(Information supplied Opens)

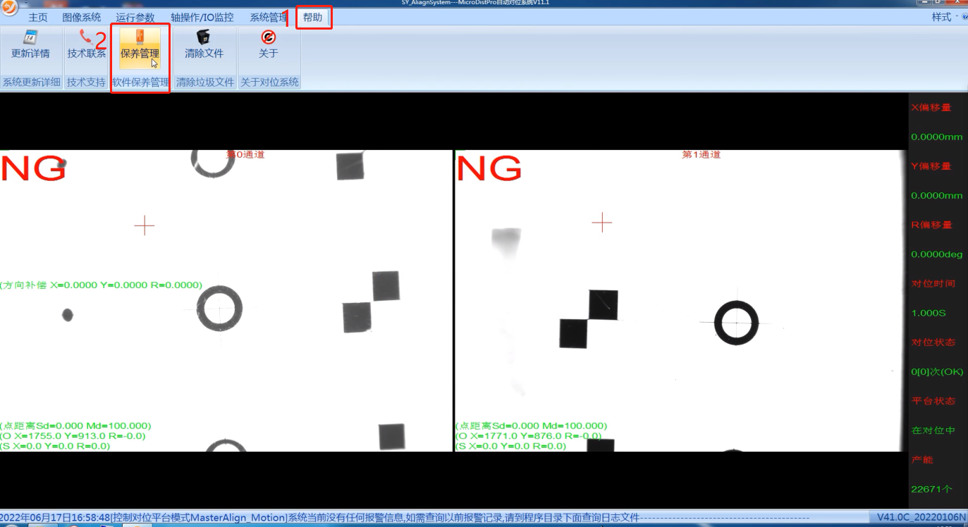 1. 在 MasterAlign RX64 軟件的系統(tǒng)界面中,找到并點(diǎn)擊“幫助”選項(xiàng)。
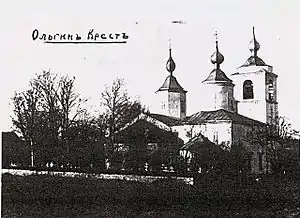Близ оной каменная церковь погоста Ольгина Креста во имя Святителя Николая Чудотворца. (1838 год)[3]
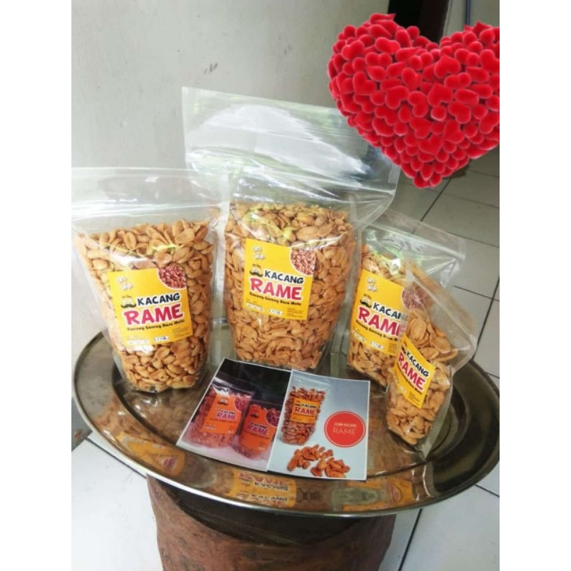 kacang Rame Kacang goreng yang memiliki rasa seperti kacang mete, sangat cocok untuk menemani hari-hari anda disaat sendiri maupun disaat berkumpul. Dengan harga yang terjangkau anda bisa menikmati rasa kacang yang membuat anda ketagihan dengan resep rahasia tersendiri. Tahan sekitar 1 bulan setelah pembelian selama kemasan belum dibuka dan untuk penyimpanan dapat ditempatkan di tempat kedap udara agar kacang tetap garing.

(Information supplied Closes)

Repeat each line above exactly as it reads, omitting any pictures.

Exercise answer:
 1. 在 MasterAlign RX64 軟件的系統(tǒng)界面中,找到并點(diǎn)擊“幫助”選項(xiàng)。
Близ оной каменная церковь погоста Ольгина Креста во имя Святителя Николая Чудотворца. (1838 год)[3]
 kacang Rame Kacang goreng yang memiliki rasa seperti kacang mete, sangat cocok untuk menemani hari-hari anda disaat sendiri maupun disaat berkumpul. Dengan harga yang terjangkau anda bisa menikmati rasa kacang yang membuat anda ketagihan dengan resep rahasia tersendiri. Tahan sekitar 1 bulan setelah pembelian selama kemasan belum dibuka dan untuk penyimpanan dapat ditempatkan di tempat kedap udara agar kacang tetap garing.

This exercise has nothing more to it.